Chemtrade Logistics Income Fund, Toronto, reported a first-quarter net loss of C$97.9 million compared to the year-ago loss of $29.3 million. The company said the increase was primarily due to a few non-cash items, including a $56 million impairment on water solutions products and higher net finance costs due to a $47.4 million loss from the change in the fair value of convertible debentures and an unrealized foreign exchange loss of $9.6 million.
Revenues were down at $366.9 million from $384.4 million, with the company citing lower volumes of sulfuric acid and lower prices for caustic soda and hydrochloric acid.
Adjusted EBITDA was up, at $80.9 million from $44 million.

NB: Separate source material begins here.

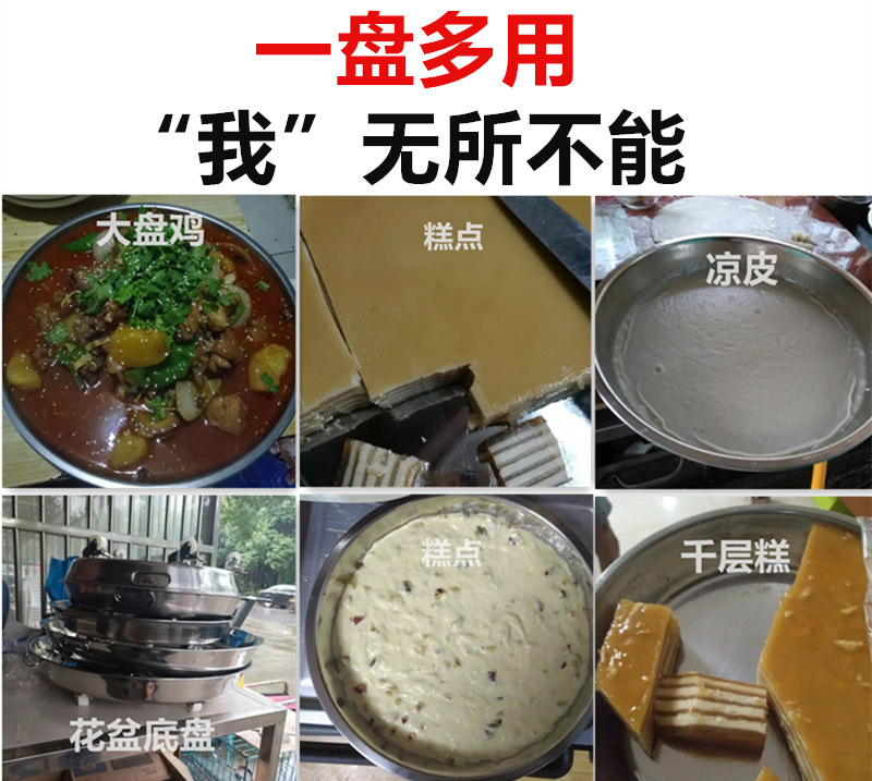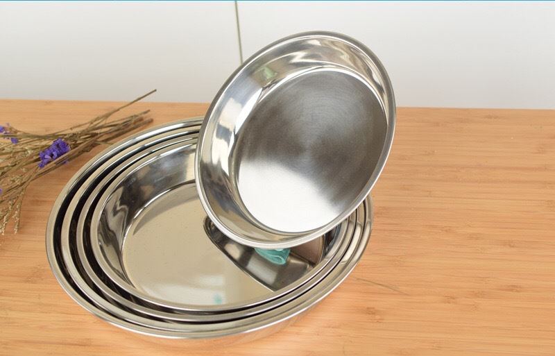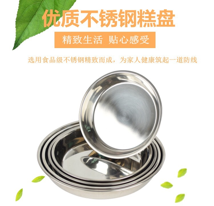 두꺼운 원형 디스크 냉면 접시 초대형 304 스테인레스 스틸 케이크 접시 냉면 거문고 죽 찜 접시 플랫 접시스토어 가기
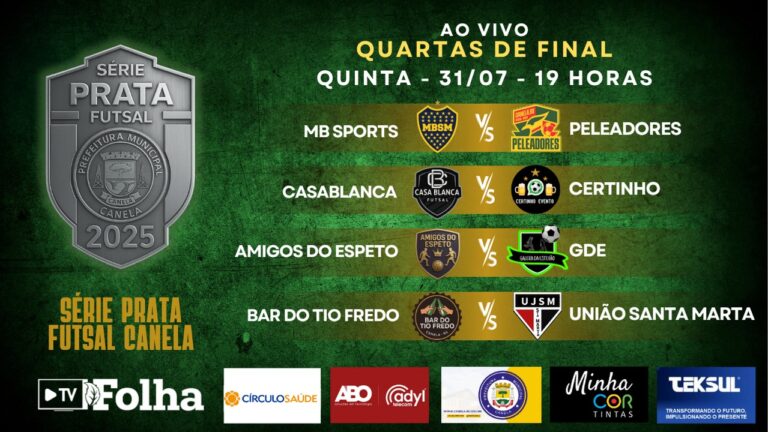A fase decisiva da Série Prata de Futsal de Canela 2025 começa nesta *quinta-feira, 31 de julho, com os jogos das *quartas de final no

“Our first-quarter results were not significantly affected by COVID-19,” said Mark Davis, President and CEO. “However, we are seeing reduced demand for some of our products in the second quarter and expect this to continue for the balance of 2020.
“For Chemtrade, the most significant effect is reduced gasoline demand stemming from a reduction in driving miles,’ he added. “The reduced gasoline demand has a material effect on our regen services. However, not all of our products are affected. For example, we expect that demand for our water products should remain stable.

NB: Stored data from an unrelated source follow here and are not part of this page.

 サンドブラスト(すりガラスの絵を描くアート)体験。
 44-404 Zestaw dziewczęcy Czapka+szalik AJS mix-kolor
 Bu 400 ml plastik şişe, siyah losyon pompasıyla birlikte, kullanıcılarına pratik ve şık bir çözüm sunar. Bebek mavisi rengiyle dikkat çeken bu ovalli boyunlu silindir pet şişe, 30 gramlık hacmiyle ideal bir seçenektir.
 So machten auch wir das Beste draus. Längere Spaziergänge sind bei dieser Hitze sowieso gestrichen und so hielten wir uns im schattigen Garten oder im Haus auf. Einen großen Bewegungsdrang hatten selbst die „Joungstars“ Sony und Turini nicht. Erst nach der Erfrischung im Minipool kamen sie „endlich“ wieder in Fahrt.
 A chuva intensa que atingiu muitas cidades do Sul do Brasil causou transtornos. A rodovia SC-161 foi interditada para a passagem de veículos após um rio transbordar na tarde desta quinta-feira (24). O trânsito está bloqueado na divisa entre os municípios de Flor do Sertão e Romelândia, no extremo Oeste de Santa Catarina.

“In addition to the operational steps, we also took a number of financial steps,” Davis continued. “Our proactive reduction of our monthly distribution increased our liquidity by about $55 million on an annual basis. In light of the current uncertain economic climate, we also negotiated an amended covenant package on our senior credit facility, which provides us with additional covenant room over the next two years.”

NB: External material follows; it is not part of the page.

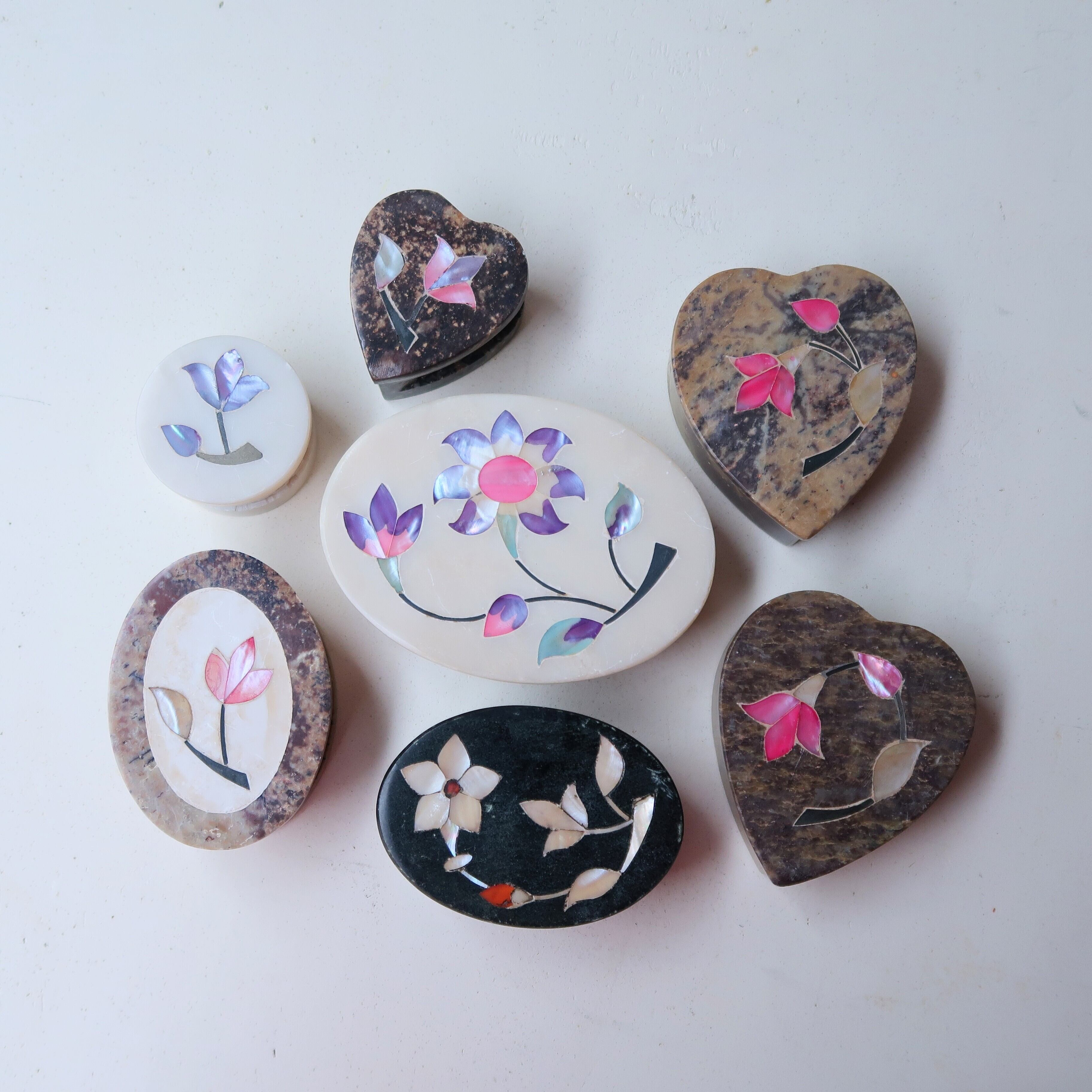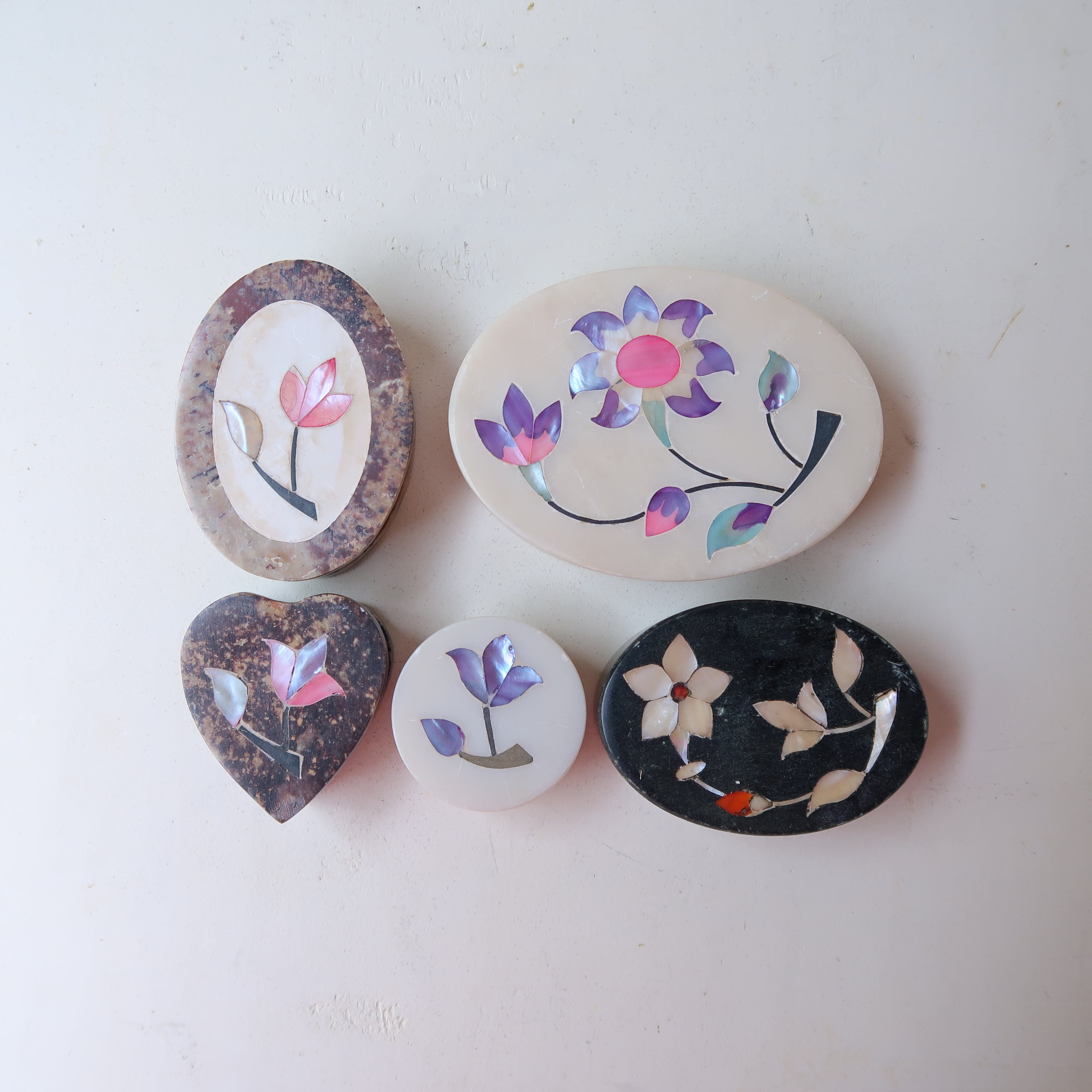 お花の象嵌がほどこされたちいさなジュエリーケース。今週はたっぷり入荷!

Davis told analysts that after 13 years of maintaining a distribution rate of $0.10 per month, the company reduced the monthly distribution by 50 percent. He expects the company will generate enough cash this year to meet all of its obligations and sustain its current distribution rate.
Davis said the company’s two largest concerns regarding COVID-19 are its effect on the oil and gas industry and the ability for Chemtrade and its customers to perform maintenance turnarounds safely during COVID. He expects refineries to run at historically low rates but continue to operate. This impacts the company’s regen sulfuric acid business, which is about 40 percent of the overall volumes in the Sulfur Products & Performance Chemicals segment.
“We believe refineries will operate in Q2 at rates approximately 35 percent lower than last year, which is essentially the lowest rate our refinery customers can operate without fully shutting down their facilities,” Davis said. He expects rates to improve during the year, but for 2020 to be about 15 percent below earlier guidance.
He added that merchant sulfuric acid demand is also down due to the general reduction in the industrial manufacturing activity. He also expects a gradual improvement during the year.
Davis expects demand for ultra-pure acid for the semiconductor industry to continue unaffected by COVID.